Sumberkima Village (Indonesian: Desa Sumberkima) is a small settlement, located in west Buleleng Regency, in the north-west corner of Bali island, a Province of the Indonesian archipelago.

== Economy ==

Sumberkima settlement’s economy is heavily reliant on hospitality business, employment and supply of primary produce to the multiple tourist resorts located along the coast in the area. Fishing, fish-farming, tobacco and rice cultivating is a prevailing agricultural sector. A new source of income was introduced in 2001 with the construction of Lt.Col. Wisnu Airfield. The airfield was planned to increase a flow of tourism to this remote area of Bali. The airfield and surrounding installations are also home to Bali International Flight Academy, training airline cadets for various airlines, including the national Garuda Airlines carrier.
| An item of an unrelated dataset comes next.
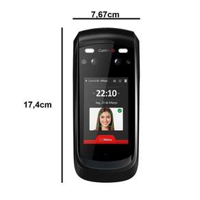 O iDFace é o equipamento ideal para monitorar e controlar a entrada e saída de pessoas através da tecnologia de reconhecimento facial. Possui alta qualidade permite detectar rostos vivos, autenticar usuários com máscara e identificar até 3.000 faces. Além disso, o dispositivo apresenta um display touchscreen de 3,5 e um software web embarcado que facilitam a gestão das regras de acesso e visualização de relatórios. Controle de Acesso Quantidade de Usuários: Capacidade para mais de 200.000 usuários cadastrados Quantidade de Faces: Capacidade para até 3.000 faces. Regras de Acesso: Regras de liberação conforme horários e departamentos Controle de Portas: Controle através do módulo de acionamento externo Sensores: 1 entrada para sensor de porta aberta Botoeira: 1 entrada de botoeira Relé de Saída: 1 relé interno ao módulo de acionamento de até 220VAC/5A Entrada Wiegand: 1 porta nativa Saída Wiegand: 1 porta nativa Comunicação Ethernet: 1 porta Ethernet 10/100Mbps nativa USB: 1 porta USB Host 2.0 Formas de Identificação Reconhecimento Facial: Duas câmeras Full HD 1080p luz visível e luz infravermelha Cartões de Proximidade Tecnologia: 125 kHz ASK Senha: Identificação de usuários através de senha numérica Interface de Usuário Tela LCD Touchscreen: Display LCD TFT colorido de 3.5 320x480 com tela capacitiva sensível ao toque Software Web Integrado: Software completo de gerenciamento de controle de acesso via browser Software de Gestão de Acesso Embarcado Áudio: Alto-falante e microfone embutidos Alimentação: Fonte externa de 12V não incluso Grau de proteção: IP65 Itens inclusos 1 - Controle de Acesso IDFace Lite Leitor Facial - Prox 125 Khz - ControlID 12 Meses Balcão Imagens meramente ilustrativas

== Culture and Religion ==

Prevailing Hindu Balinese culture. Almost unspoiled by an overwhelming tourism sector in the south of Bali. Beautiful influence of Islamic migration from neighboring Java island. Multiple Balinese Hindu temples in the area, including a small public temple in the mountainous region of the village, accompanied by a large number of personal family shrines. Islamic influence in the region is indicated by a recently constructed mosque in the northern part of Sumberkima.

== Entertainment ==

Several restaurants, PADI-approved diving centers, fishing/snorkeling trip shops are located along the main road. Several hotels and resorts, offering quiet accommodation for couples. Many offer Balinese dancers as a part of their holiday venue. Night-life, bars and clubs are available in the "Lovina" resort region, approx 45 km to the East of Sumberkima and Singaraja city.